Этот свой молодой скепсис в отношении тосканской природы Степун выразил и в «Николае Переслегине»: «Странно, но мне совершенно чужды окрестности Флоренции. Они очень красивы, но в них совершенно нет живой природы. Я хочу сказать, что в тосканской природе нет того, что из-за каждого плетня смотрит на Вас со скудных русских полей,
– живой человеческой души. Тосканский пейзаж совсем не собеседник, а в себе замкнутая немая композиция. Всего только «очей очарование», он не проливается в душу, но противостоит душе. Всякая человеческая душа – порыв в бесконечность, а тосканский пейзаж, законченностью своих форм, весь устремлен к кругу. Но убегающую в бесконечность прямую нельзя слить с кругом. Закон их общения – всего только закон касания. Точкою соприкосновения моей души и тосканской природы было, вероятно, лишь то, в сущности поверхностное, наслаждение, которое мне доставляла декоративная прелесть флорентийского вида. Сейчас дар такого наслаждения притуплён во мне, и я часто возвращаюсь с прогулок к себе в комнату и сажусь читать Чехова или Достоевского. Если бы Вы знали, как иной раз хочется выйти на родной калужский тракт, взглянуть на бурый откос над Окой, на серые нахохлившиеся избы, затканные косыми нитями беспросветного осеннего дождя».В реальных, длившихся иногда за полночь, спорах Степуна с Висковатовой часто принимал участие еще один обитатель пансиона – молодой (всего на три года старше Степуна), но уже известный флорентийский писатель Джованни Папини, спустя несколько лет прославившийся своим автобиографическим романом «Конченный человек» («Uomo finita»). Эту книгу Степун увидел лишь в 1922 г. «в мрачном, нищем, пореволюционном Берлине»:
«Углубившись в нее, я живо вспомнил 1909 год, пансион на Via Cavour и самого автора, бывшего в наших спорах с Лидией Александровной почти всегда на ее стороне.

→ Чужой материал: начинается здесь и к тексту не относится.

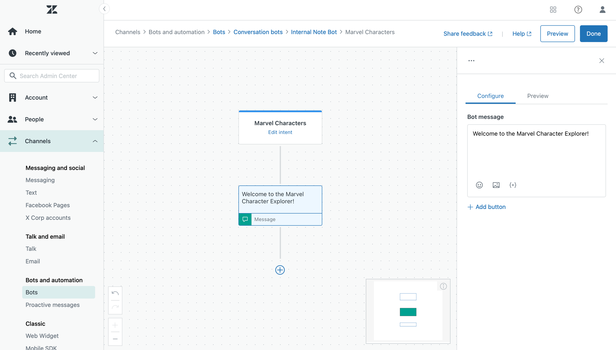 All new flows start with the creation of a new answer for your bot. I decided to call this one Marvel characters and started with a short intro via a Bot Message.
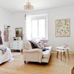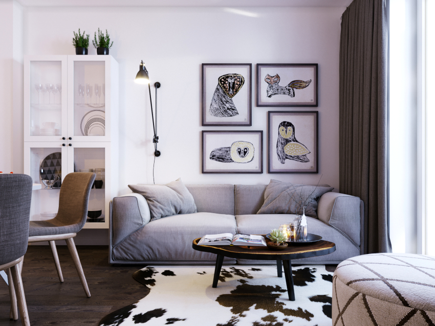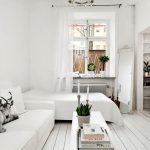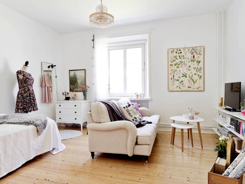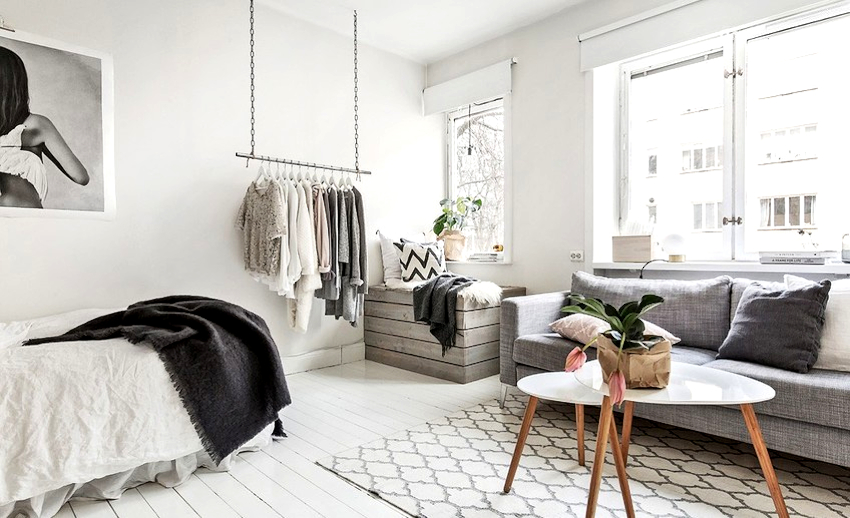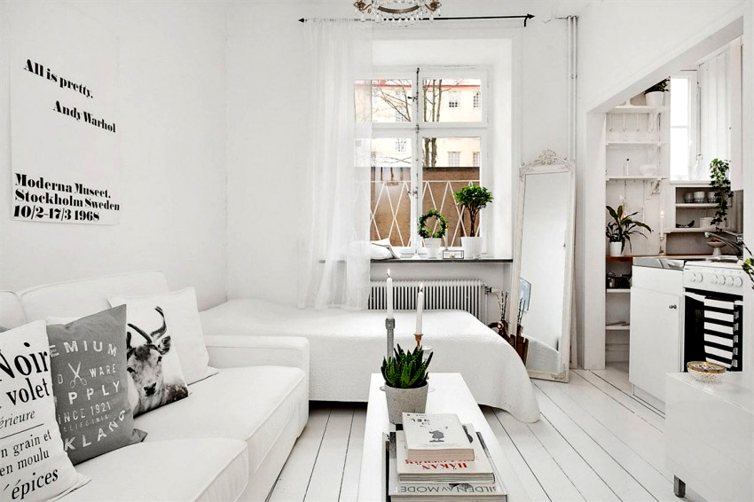 Le salon-chambre de style scandinave doit avoir un minimum de décoration. Il suffit d'accrocher une image sur l'un des murs, de placer des accessoires en porcelaine et en métal sur des étagères ouvertes, d'organiser des pots de fleurs avec des plantes d'intérieur et des vases avec des fleurs fraîches.
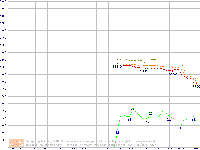 Socket 478 (micro-PGA,FSB 400MHz,L2 128KB,Northwood)の最安値推移
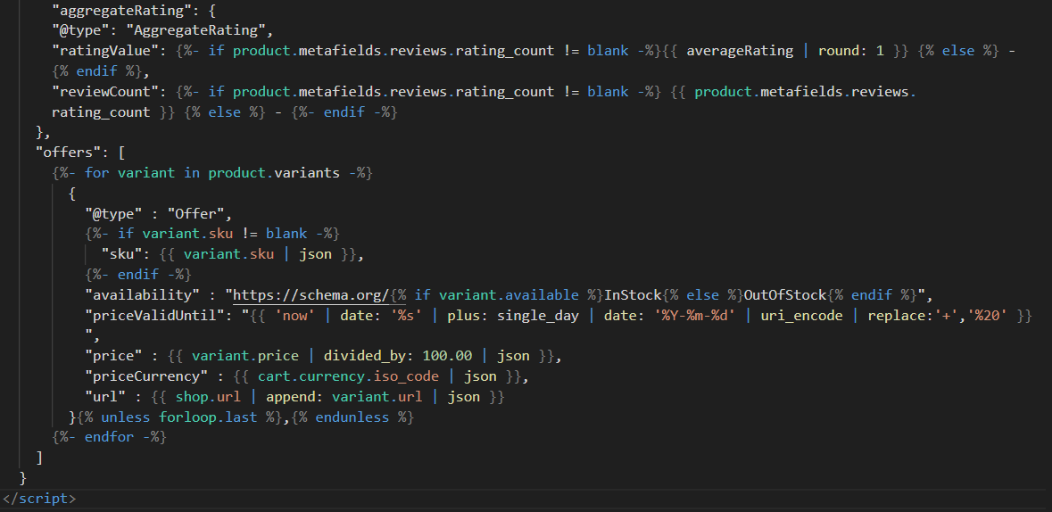 Paste the JSON-LD code straight into your theme files ( product.liquid etc). Customize as needed.
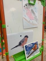 Дети средней группы «Ромашки» , 9 января отмечали «День снегиря». Читали стихи, рассказы об интересной зимующей птице Республики Карелия. Дети рисовали снегиря, а Даша и Алиса сделали дома поделки.
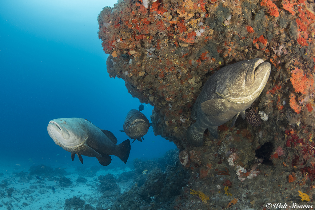 A trio of large 350 to 400 lb. goliath grouper milling in the shadow of the Juno Bar ledge provide scale to the height of the reef’s west facing ledge.
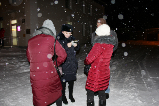 28 декабря 2019 года совместно с сотрудниками полиции на очередной рейд вышли инспектор верхнепышминского МФ ФКУ УИИ ГУФСИН России по СО Писецкая Софья Владимировна, ответственный секретарь ТКДН и ЗП Цыганкова Светлана Владимировна, зам. начальника управления социальной политики по городам Верхняя Пышма и Среднеуральск Кропачев Николай Михайлович, начальник отдела социальной политики администрации ГО Верхняя Пышма Осокина Наталья Александровна, ведущий специалист отдела МП МКУ "УСМ ГО Верхняя Пышма" Толстоусова Татьяна Андреевна.
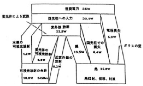 第2図 省電力設計の40W形直管蛍光ランプ10)(管径25mmの消費電力36W)のエネルギーバランス
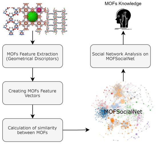 In this paper, we construct a social network called MOFSocialNet from geometrical descriptors of MOFs in the CoRE-MOFs database. MOFSocialNet is an undirected, weighted, and heterogeneous social network. Following the construction of MOFSocialNet, we provide a set of social network analytic processes to extract valuable knowledge from the MOF data using graph-mining algorithms. The full workflow of the MOFSocialNet is shown in Figure 1. In the first step, we created a feature vector for each MOF. In the following step, the similarity between each pair of MOF vectors is calculated based on vector similarity methods. In this step we created the MOFs social graph, named MOFSocialNet, where MOFs are the nodes and the similarity between the MOF feature vectors are the links (i.e., the relationships between MOFs). Finally, after removing irrelevant links in the graph, we applied social network analysis methods to extract valuable knowledge from this graph. In subsequent sections, all steps are described in detail.
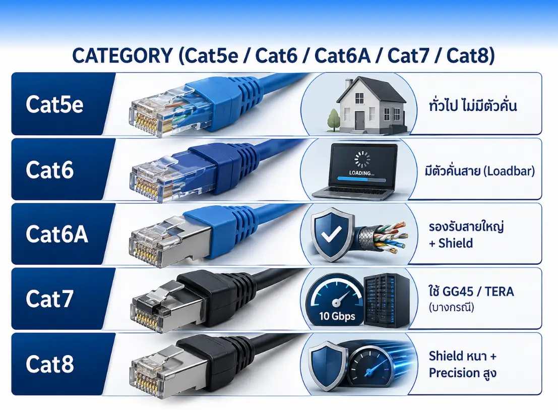 1.2 แบบตาม Category (Cat5e / Cat6 / Cat6A / Cat7 / Cat8)
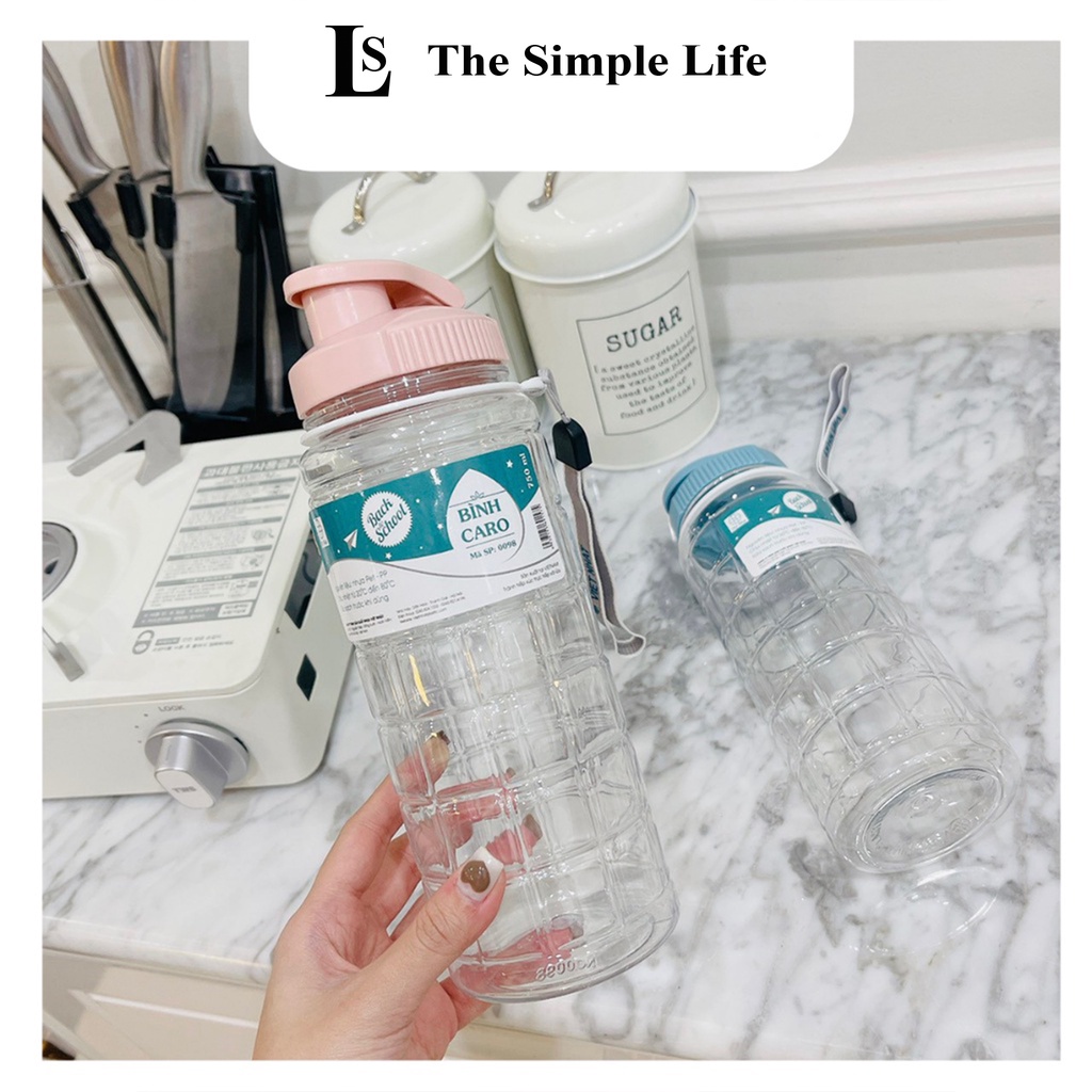 Bình nước caro học sinh, bình đựng nước caro trong suốt dung tích 750ml thể thao có quai dù xách tiện lợi [CHÍNH HÃNG]
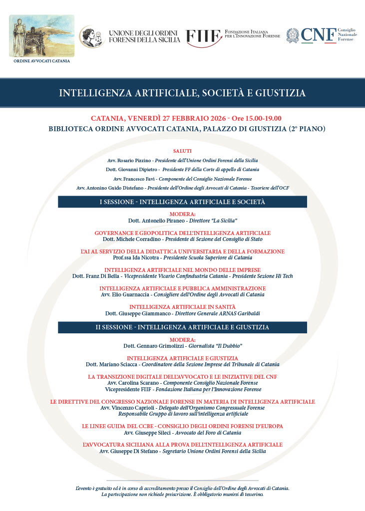 INTELLIGENZA ARTIFICIALE, SOCIETÁ E GIUSTIZIA. Catania 27 febbraio 2026 - ore 15:00 - Biblioteca Ordine Avvocati Catania - Palazzo di Giustizia
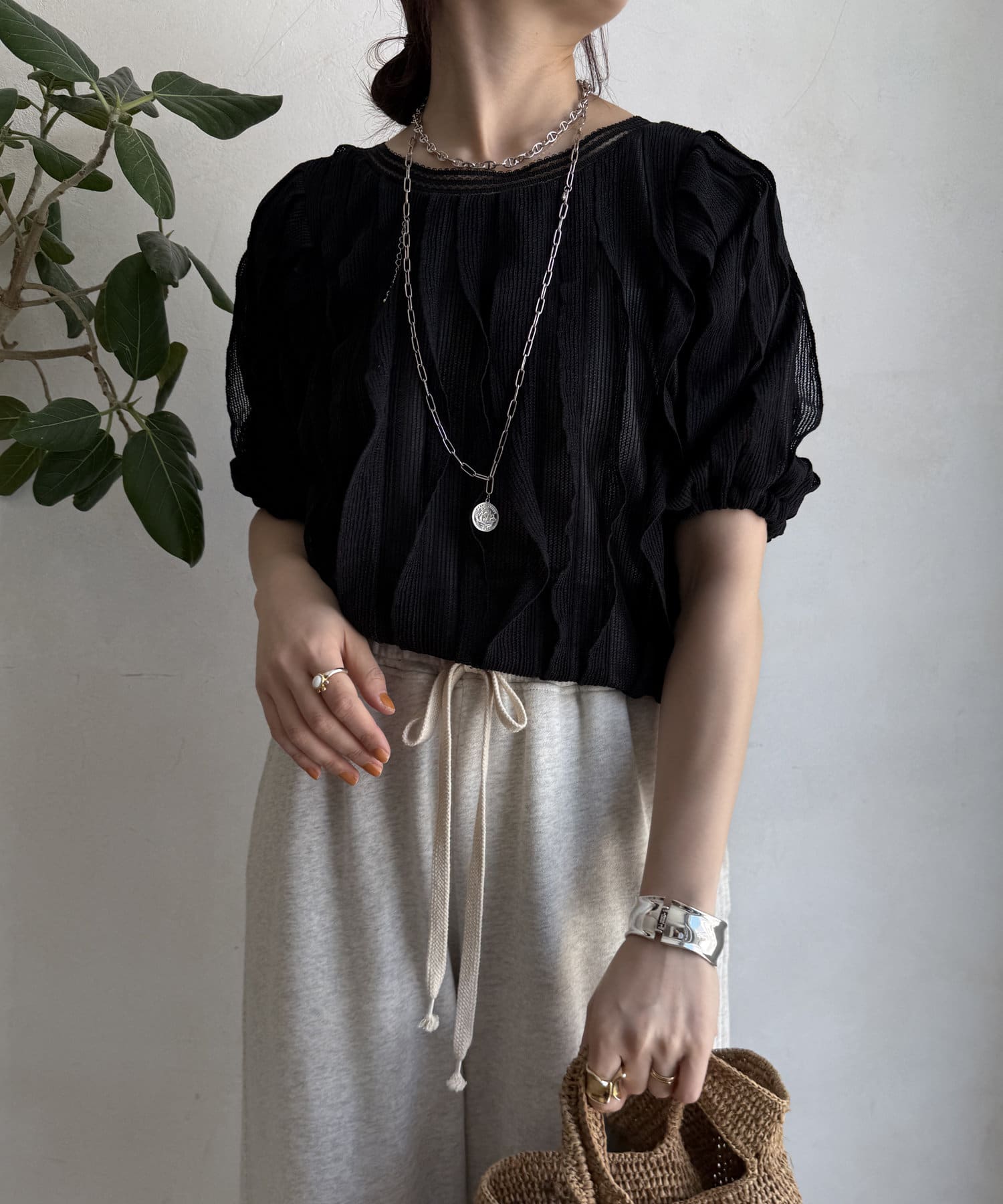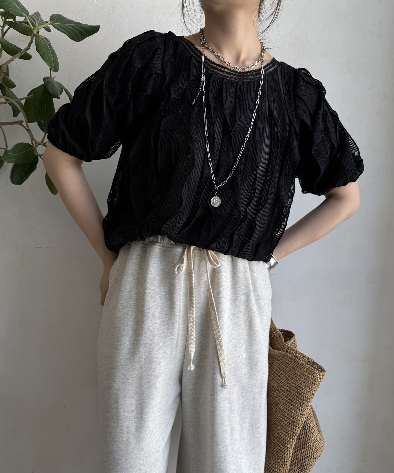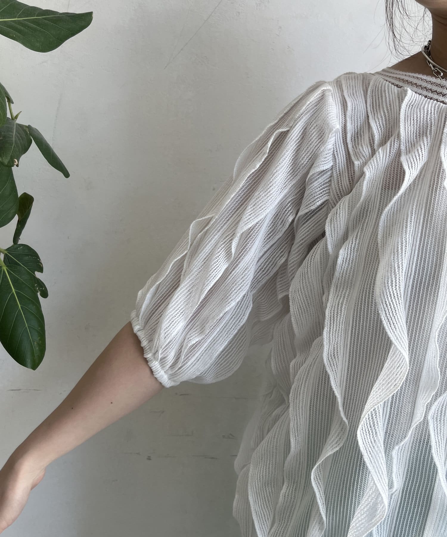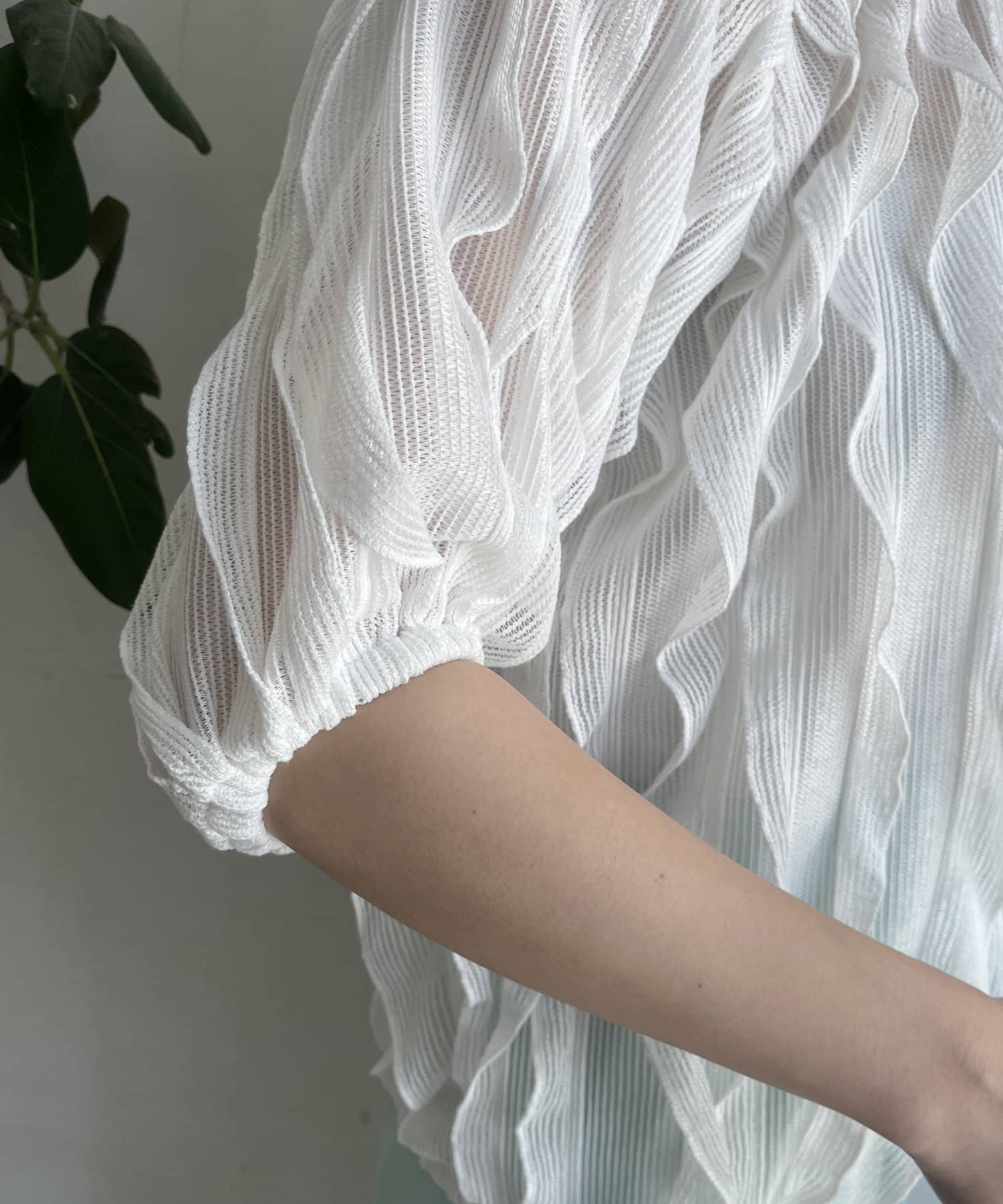 ふんわりと波打つフリルが、身にまとうだけで華やかさを添えるトップス。
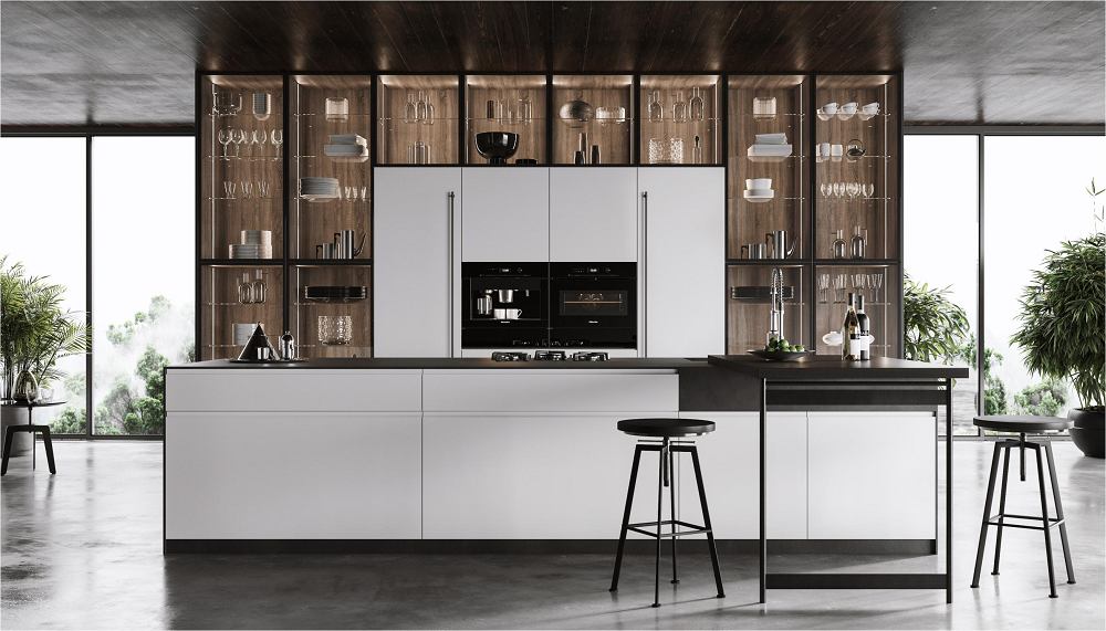 把地中海元素匯入當代輕奢中,通過大膽而創(chuàng)新的設計完美融入到廚房之中,清新而不失優(yōu)雅,唯美的藝術色彩給廚房生活賦予了無限的價值,正是時尚敏感、追趕潮流個性的年輕人群的心意選擇。
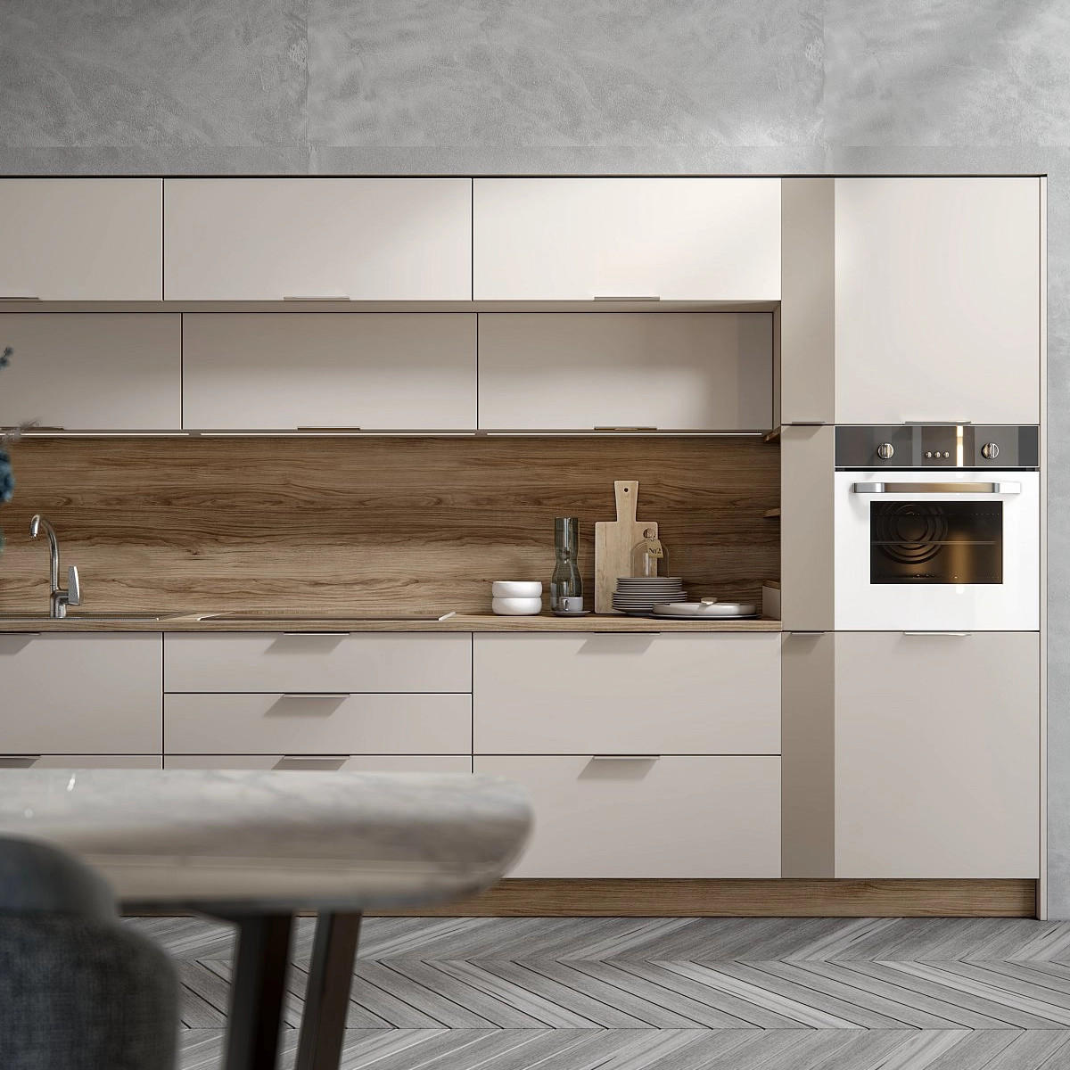 Строгая геометрия и функциональные детали для современных интерьеров. Выразительные сочетания фактур создают брутальный акцент в пространстве. Фасады доступны в трендовом матовом и эффектном глянцевом исполнении.
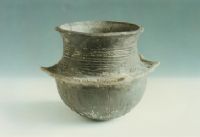 夹炭黑陶。方唇、敞口。六角腰沿,圜底。腹部刻划有粗细弦纹多道,腰沿沿面刻有繁缛的纹样,由点、线、圆圈组成,随每个角展开。底部为席纹

Дойдя в седьмой главе до описания флорентийской деревни, я почувствовал, что он каждым своим словом описывает не только тосканскую, но и подмосковную деревню: «все, что во мне есть поэтического, меланхолического, я получил от своей деревни, где я научился дышать и мыслить, деревни голой, бедной, серой, чуждой пышности, роскоши красок, запахов, но интимной, близкой сердцу, требующей тонкой чувствительности и возбуждающей иллюзию бесконечности». Я закрыл книжку и задумался. Мне страшно захотелось во Флоренцию, чтобы папиниевским, итальянским глазом посмотреть еще раз на Италию…»
Понте Веккьо (нач. XX в.)
С немецкоязычными обитателями пансиона Федор Степун быстро наладил доверительные отношения: выросший в культурной русско-немецкой семье, он владел языком в совершенстве. Профессор Базельского университета Карл Йоэль, известный в европейских научных кругах философ-идеалист, с первых же дней общения подпал под обаяние молодого россиянина и вскоре стал одним из авторов «Логоса» (уже во втором номере русскоязычной версии журнала был опубликован перевод его получившей широкое признание статьи «Опасность современного мышления»).